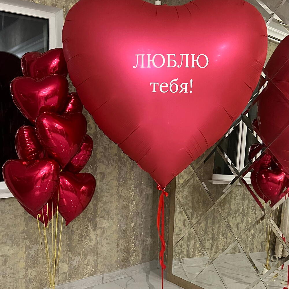 Included in the set: 1 WOW heart 160cm Inscription on the heart of 3-4 words as a gift 1 bouquet of 10 hearts 45cm 2 weights 3 bags for transportation Total number of balloons: 11 Filling: All balloons filled with helium длина, мм: 2000 ширина, мм: 2000 высота, мм: 2000
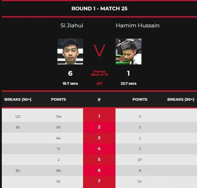 第1局,斯佳辉便打出了单杆122分,134-0完成了零封,顺利拿下。第2局,胡赛因更是仅仅拿到5分,斯佳辉迅速上手,单杆85分完成一杆制胜,85-5再下一城,早早取得了2-0的领先。第3局和第4局,斯佳辉虽然未能打出单杆50+,但还是84-2、71-11连赢两局,又没有遇到太大的阻碍,成功取得了4-0的巨大优势。
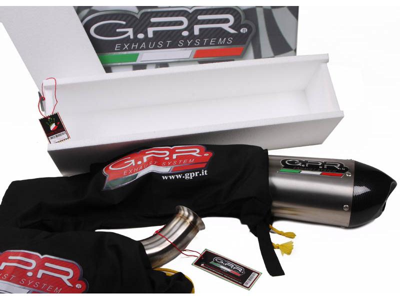 K.80.DC GPR EXHAUST SYSTEM COMPATIBLE FOR KAWASAKI Z 1000 2007/09 0 Dual homologated DEEPTONE CARBON Slip-on kit with removable db killer (baffle) for racing use,it include specific link pipe, brackets, holder and fasteners, link pipe and caps totally stainless steel made (Aisi 304) while silencer body is made by genuine carbon. Developed from GPR thanks to Moto GP and SBK races experiences, the system has a ROUND shape, Diam. 80mm, medium weight about 1,55 kg depending from motorbike of destination. GPR provide original homologation documents and instructions available as drawings or video or pictures books. If item is used in homologated configuration it doesn't require mapping, it is possible use panniers and central stand and sonda lambda boss is included when necessary. Available many sound file and pictures gallery,product is hand made in Italy, produced under European directives,it is street legal and it has 2 years of international warranty
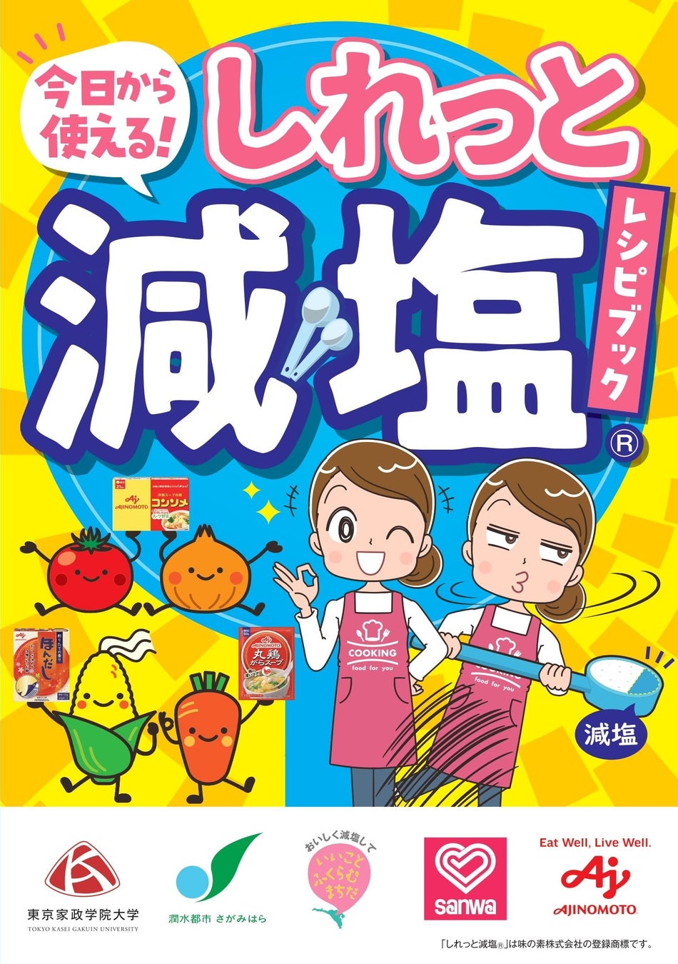 今回はその生活習慣病の予防にも役立つ「減塩」にフォーカスし、同様の取組を行っている町田市とともに、日本を代表する食品メーカーである「味の素株式会社」及びおもに管理栄養士を目指す学生が学ぶ「東京家政学院大学 食物学科」とのコラボレーションによる、無料配布の小冊子「今日から使える! しれっと減塩®レシピブック」を制作しました。
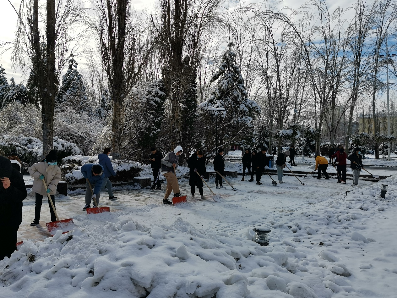 本次扫雪活动不仅将校园内路面上的积雪清理干净,方便师生出行,而且培养了同学们顽强拼搏和无私奉献的坚毅品质,提高了动手能力和团队意识。希望同学们在今后继续保持坚韧不拔和攻坚克难的意志,将这种品质与精神继续传承下去。(历史文化旅游学院供稿)
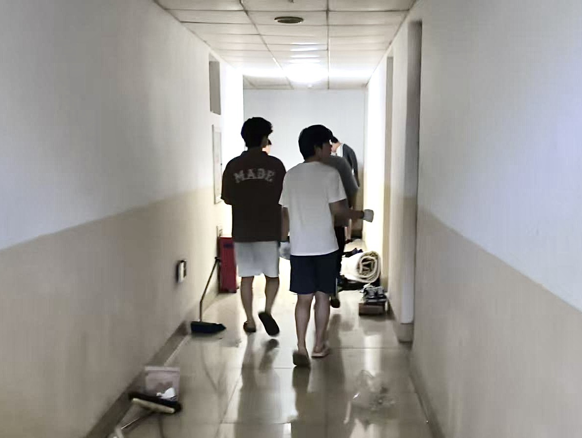 毕业生们清空个人物品、扫除积攒灰尘、维护好公共设施、主动将闲置物品带离宿舍,用干净的床铺、明亮的窗户、一尘不染的地面进行一场特殊的告别仪式。学生骨干穿梭于宿舍楼道,帮学长学姐分类打包、搬运杂物。
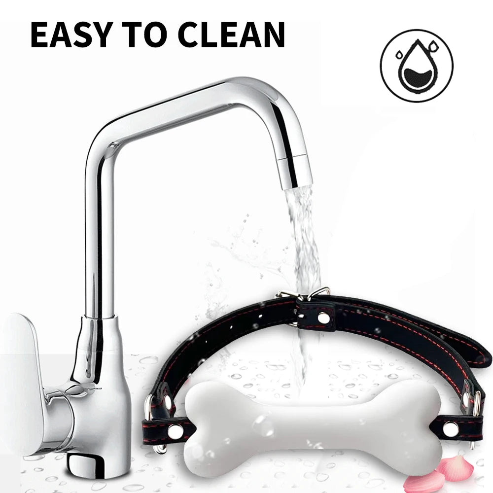 Inspiré de la forme ludique d’un os à mâcher, ce bâillon Dog Bone™ en silicone souple et cuir PU s’adresse aux adeptes du BDSM tout en garantissant un confort optimal. Idéal pour les jeux de rôle de type "pet play", il combine esthétique, fonctionnalité et sécurité.
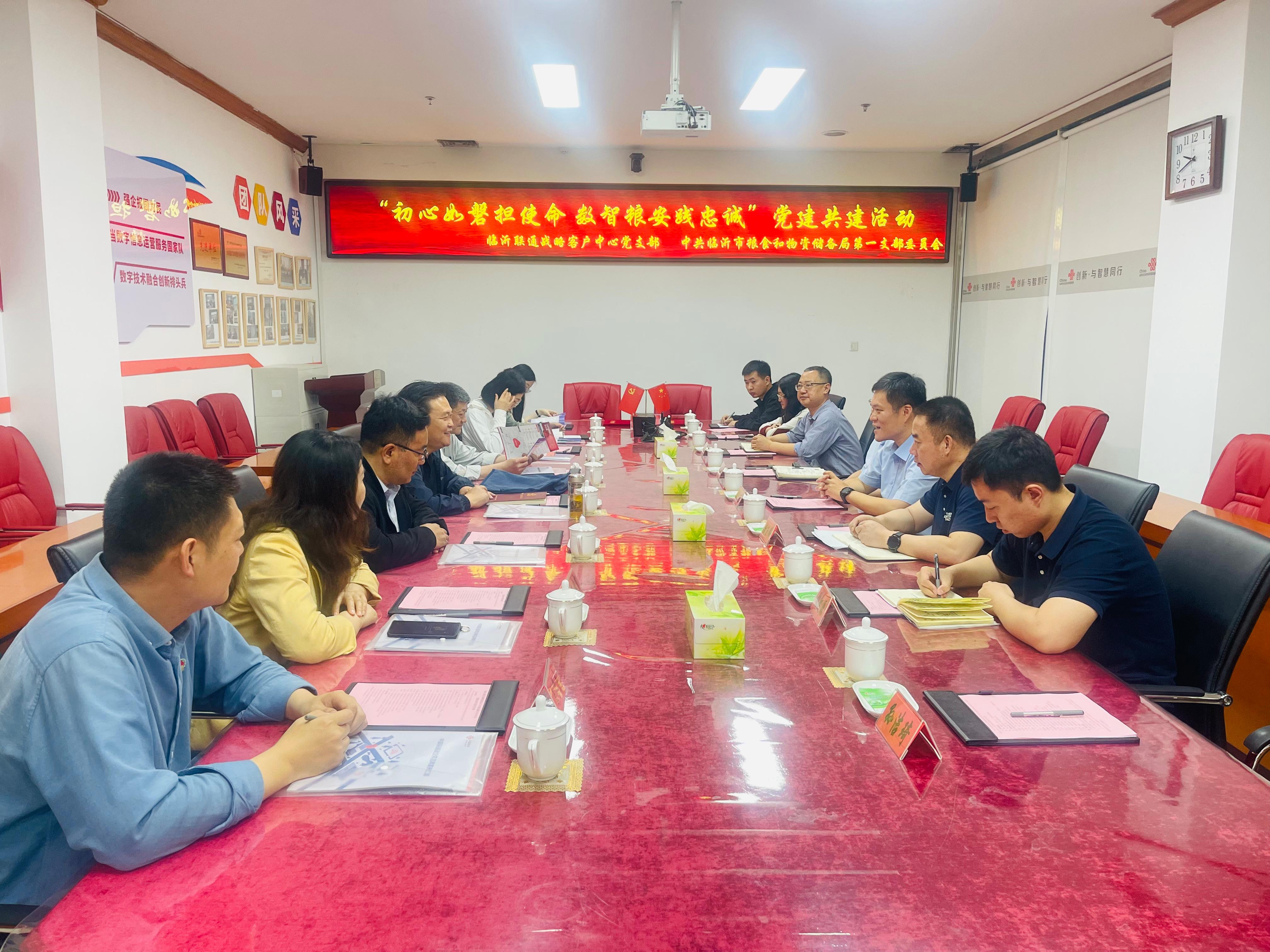 2025年5月23日,市粮食和物资储备局第一党支部组织党员到中国联通临沂市分公司开展“初心如磐担使命 数智粮安践忠诚”党建共建活动。
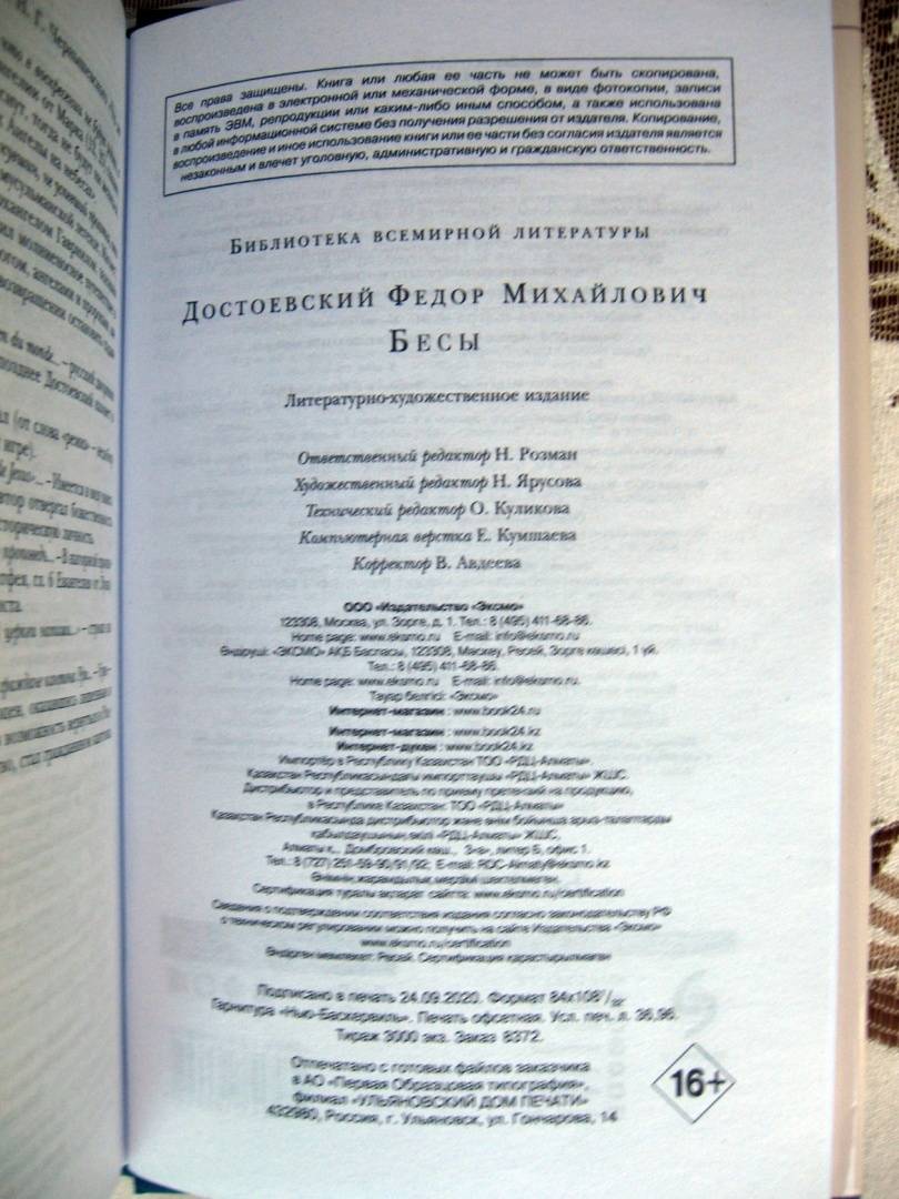 Объем, стр. 704 ISBN 978-5-04-116669-4 Автор Достоевский Федор Михайлович Серия Библиотека Всемирной Литературы Минимальный возраст 16+ Год издания книги 2020 Тип обложки Твердый переплет Иллюстрации Без иллюстраций Вес, г 582г Размеры 210х135х40 мм - Отзывы
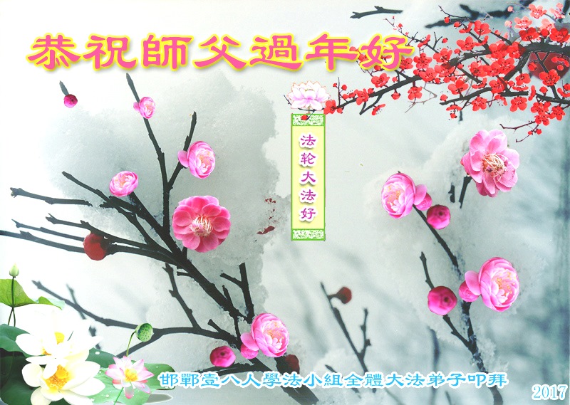 二零一七丁酉年新年來臨之際,北京海澱區成府路大法弟子向慈悲偉大的師尊致以最崇高的敬意!
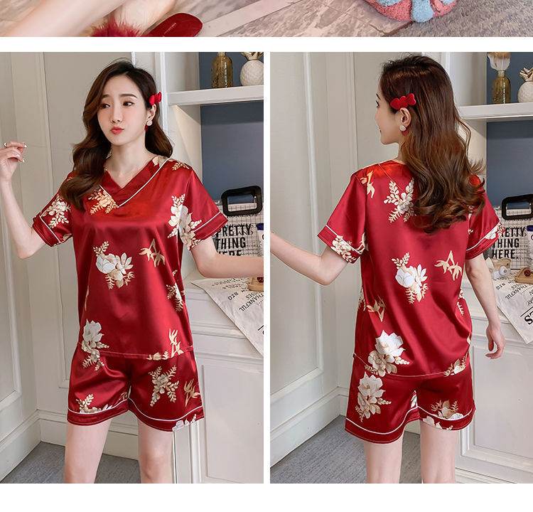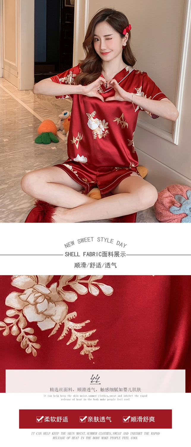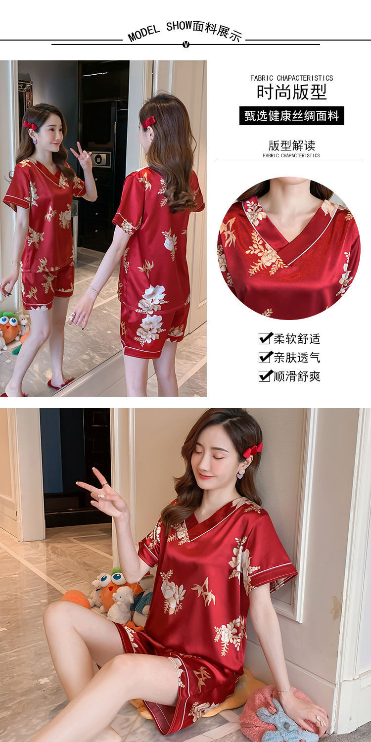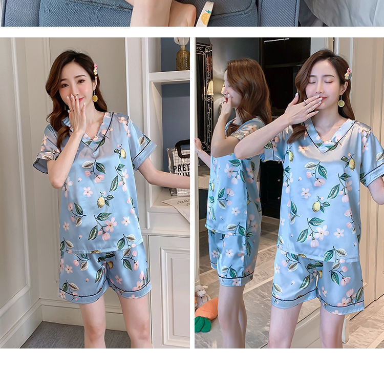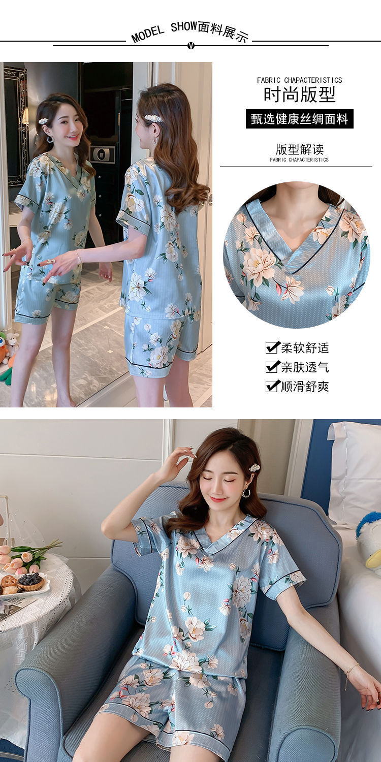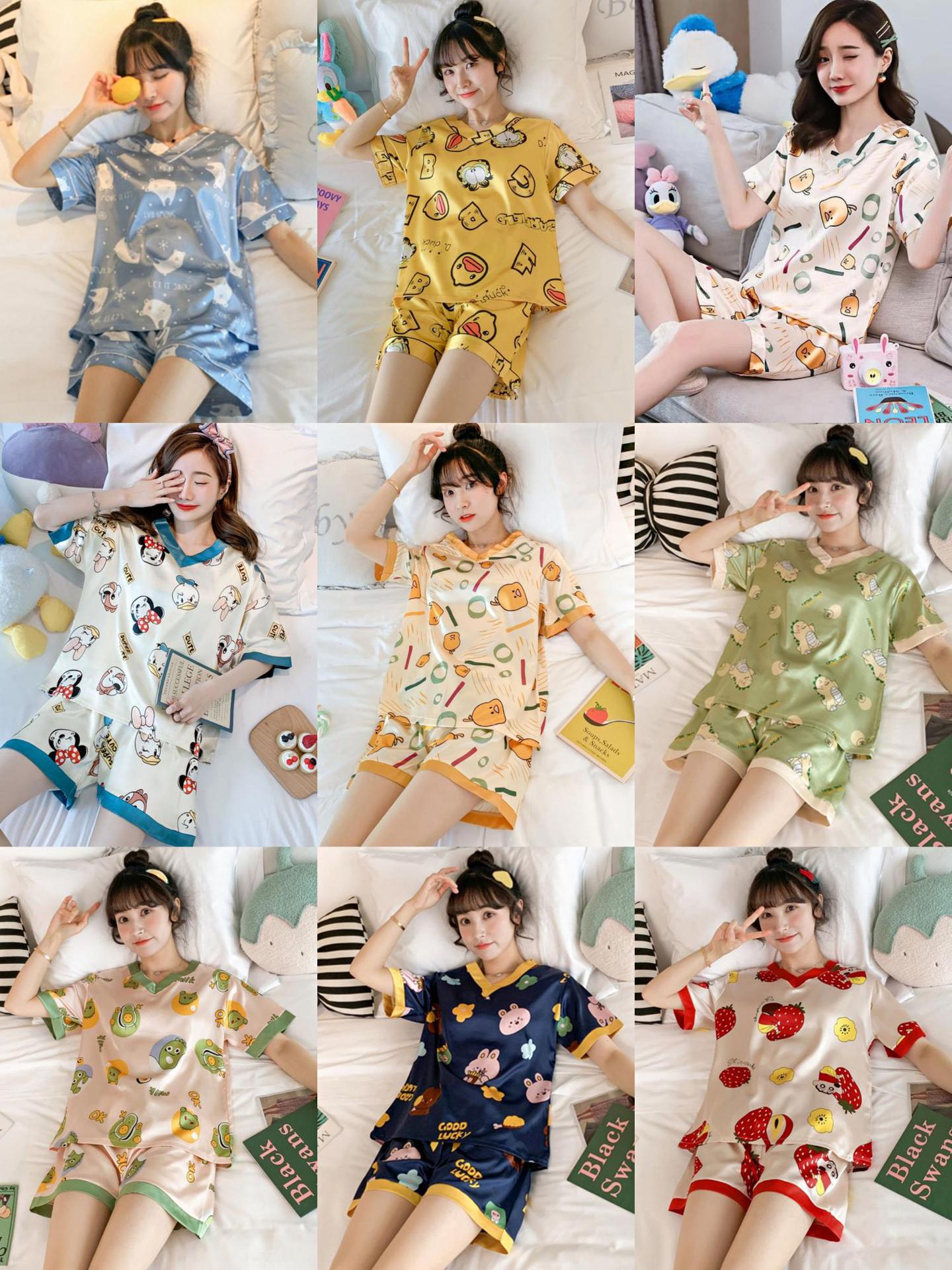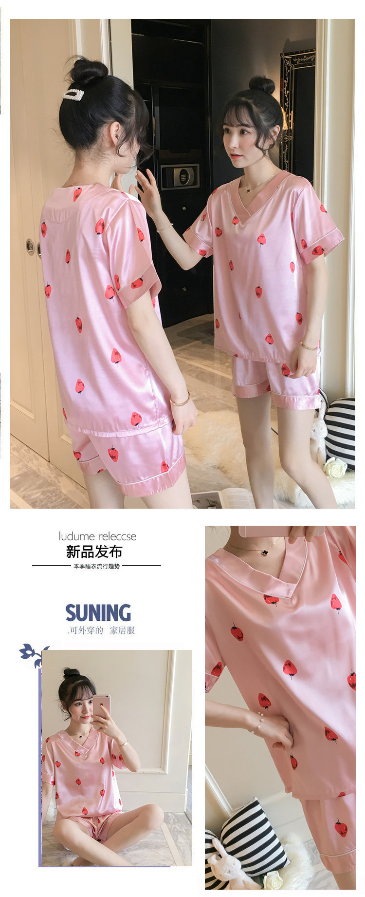 「38款可选」冰丝睡衣女短袖夏卡通V领凉爽女士家居服上衣裤子套装
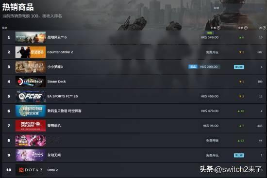《战地6》于今日正式发售,目前已登顶Steam全球畅销榜。据分析师预估,该作在发售前仅通过Steam平台即已创造超1亿美元的预售收入。 Steam商店显示,《战地6》登顶全球热销榜,超越《反恐精英2》与《小小梦魇3》。在愿望单排行榜中也位列第四,仅次于《深海迷航2》《Deadlock》与《Light No Fire》。 游戏行业分析师里斯·埃利奥特指出,《战地6》在Steam平台已积累超350万愿望单关注及180万份预售订单,预售阶段收入约达1亿美元。

* TASK GOAL *
Output the data above without changes, apart from leaving out the pictures.

* WRITTEN SOLUTION *
 Included in the set: 1 WOW heart 160cm Inscription on the heart of 3-4 words as a gift 1 bouquet of 10 hearts 45cm 2 weights 3 bags for transportation Total number of balloons: 11 Filling: All balloons filled with helium длина, мм: 2000 ширина, мм: 2000 высота, мм: 2000
 第1局,斯佳辉便打出了单杆122分,134-0完成了零封,顺利拿下。第2局,胡赛因更是仅仅拿到5分,斯佳辉迅速上手,单杆85分完成一杆制胜,85-5再下一城,早早取得了2-0的领先。第3局和第4局,斯佳辉虽然未能打出单杆50+,但还是84-2、71-11连赢两局,又没有遇到太大的阻碍,成功取得了4-0的巨大优势。
 K.80.DC GPR EXHAUST SYSTEM COMPATIBLE FOR KAWASAKI Z 1000 2007/09 0 Dual homologated DEEPTONE CARBON Slip-on kit with removable db killer (baffle) for racing use,it include specific link pipe, brackets, holder and fasteners, link pipe and caps totally stainless steel made (Aisi 304) while silencer body is made by genuine carbon. Developed from GPR thanks to Moto GP and SBK races experiences, the system has a ROUND shape, Diam. 80mm, medium weight about 1,55 kg depending from motorbike of destination. GPR provide original homologation documents and instructions available as drawings or video or pictures books. If item is used in homologated configuration it doesn't require mapping, it is possible use panniers and central stand and sonda lambda boss is included when necessary. Available many sound file and pictures gallery,product is hand made in Italy, produced under European directives,it is street legal and it has 2 years of international warranty
 今回はその生活習慣病の予防にも役立つ「減塩」にフォーカスし、同様の取組を行っている町田市とともに、日本を代表する食品メーカーである「味の素株式会社」及びおもに管理栄養士を目指す学生が学ぶ「東京家政学院大学 食物学科」とのコラボレーションによる、無料配布の小冊子「今日から使える! しれっと減塩®レシピブック」を制作しました。
 本次扫雪活动不仅将校园内路面上的积雪清理干净,方便师生出行,而且培养了同学们顽强拼搏和无私奉献的坚毅品质,提高了动手能力和团队意识。希望同学们在今后继续保持坚韧不拔和攻坚克难的意志,将这种品质与精神继续传承下去。(历史文化旅游学院供稿)
 毕业生们清空个人物品、扫除积攒灰尘、维护好公共设施、主动将闲置物品带离宿舍,用干净的床铺、明亮的窗户、一尘不染的地面进行一场特殊的告别仪式。学生骨干穿梭于宿舍楼道,帮学长学姐分类打包、搬运杂物。
 Inspiré de la forme ludique d’un os à mâcher, ce bâillon Dog Bone™ en silicone souple et cuir PU s’adresse aux adeptes du BDSM tout en garantissant un confort optimal. Idéal pour les jeux de rôle de type "pet play", il combine esthétique, fonctionnalité et sécurité.
 2025年5月23日,市粮食和物资储备局第一党支部组织党员到中国联通临沂市分公司开展“初心如磐担使命 数智粮安践忠诚”党建共建活动。
 Объем, стр. 704 ISBN 978-5-04-116669-4 Автор Достоевский Федор Михайлович Серия Библиотека Всемирной Литературы Минимальный возраст 16+ Год издания книги 2020 Тип обложки Твердый переплет Иллюстрации Без иллюстраций Вес, г 582г Размеры 210х135х40 мм - Отзывы
 二零一七丁酉年新年來臨之際,北京海澱區成府路大法弟子向慈悲偉大的師尊致以最崇高的敬意!
 「38款可选」冰丝睡衣女短袖夏卡通V领凉爽女士家居服上衣裤子套装
《战地6》于今日正式发售,目前已登顶Steam全球畅销榜。据分析师预估,该作在发售前仅通过Steam平台即已创造超1亿美元的预售收入。 Steam商店显示,《战地6》登顶全球热销榜,超越《反恐精英2》与《小小梦魇3》。在愿望单排行榜中也位列第四,仅次于《深海迷航2》《Deadlock》与《Light No Fire》。 游戏行业分析师里斯·埃利奥特指出,《战地6》在Steam平台已积累超350万愿望单关注及180万份预售订单,预售阶段收入约达1亿美元。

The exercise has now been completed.